A device found in cars to prevent the car from moving by blocking the wheels. It is usually operated by a lever to the right-hand side (left for britain, and most former british colonies) of the driver (between the passenger's seat and the driver's seat).

It is used when parking the car (so it won't roll onto the road, or down a hill) or when making a handbrake turn.


It also appears to be slang for something, but I don't know what...

Handbrake is an Australian slang term for girlfriend.

"Nah, Bill won't be coming to the pub tonight. He's got his handbrake on."

HandBrake is also a freeware software package which does video format conversion. First released in 2003 (I think?) this handy bit of kit can pretty much turn anything in the video world into anything else. This is incredibly useful if you collect movies or other video media, given how many formats there are. MKV? Sure. Ogg Vorbis? Why not. Apple MPEG, as distinct from other MPEG? Indeed.

Ths software is available on Mac OS X, Windows and Linux. It uses a whole list of open source libraries to do its magic.

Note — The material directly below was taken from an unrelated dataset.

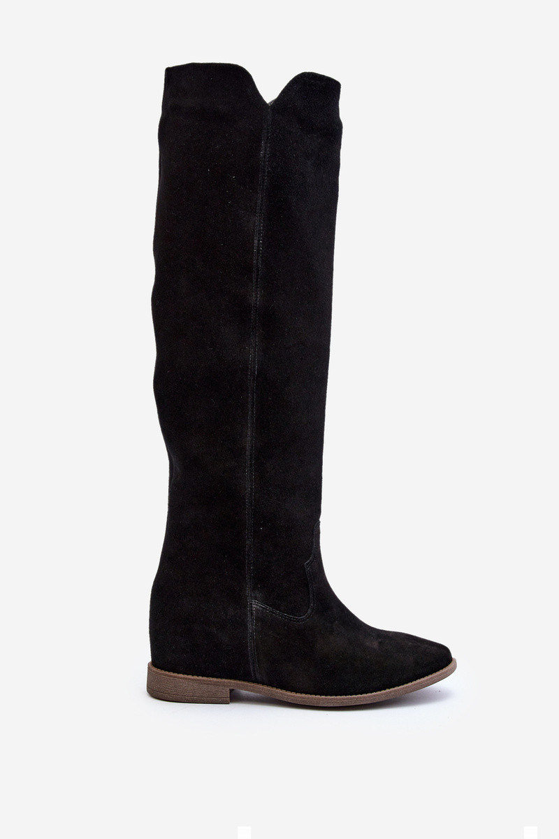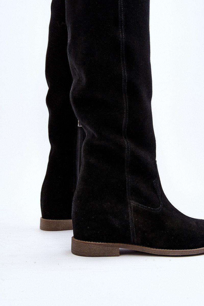Bottes en daim noires jusqu'aux genoux avec larges talons « Zazoo 3407 »

You can queue up dozens of conversions and leave them running using its built in queue manager; you can set up standard conversion operations for a queue so you don't have to manually configure each job, and so forth.

In addition to handling basic video codec and container conversions, HandBrake can convert attached audio tracks between all manner of formats, from straight 2-channel stereo to WAV to MP3 to Dolby Pro Logic [PCM} and on up to AC3. It can also handle upmixing and downmixing to get all that right. Finally, it can be used to handle subtitles as well - whether by embedding them into the container as text tracks, or if necessary burning them into the video permanently in your selected font and style of choice.

HandBrake is available at handbrake.fr. Its maintainers are incredibly conservative in its versioning - on the Mac, it's been out over a decade and the current version is 0.10.2.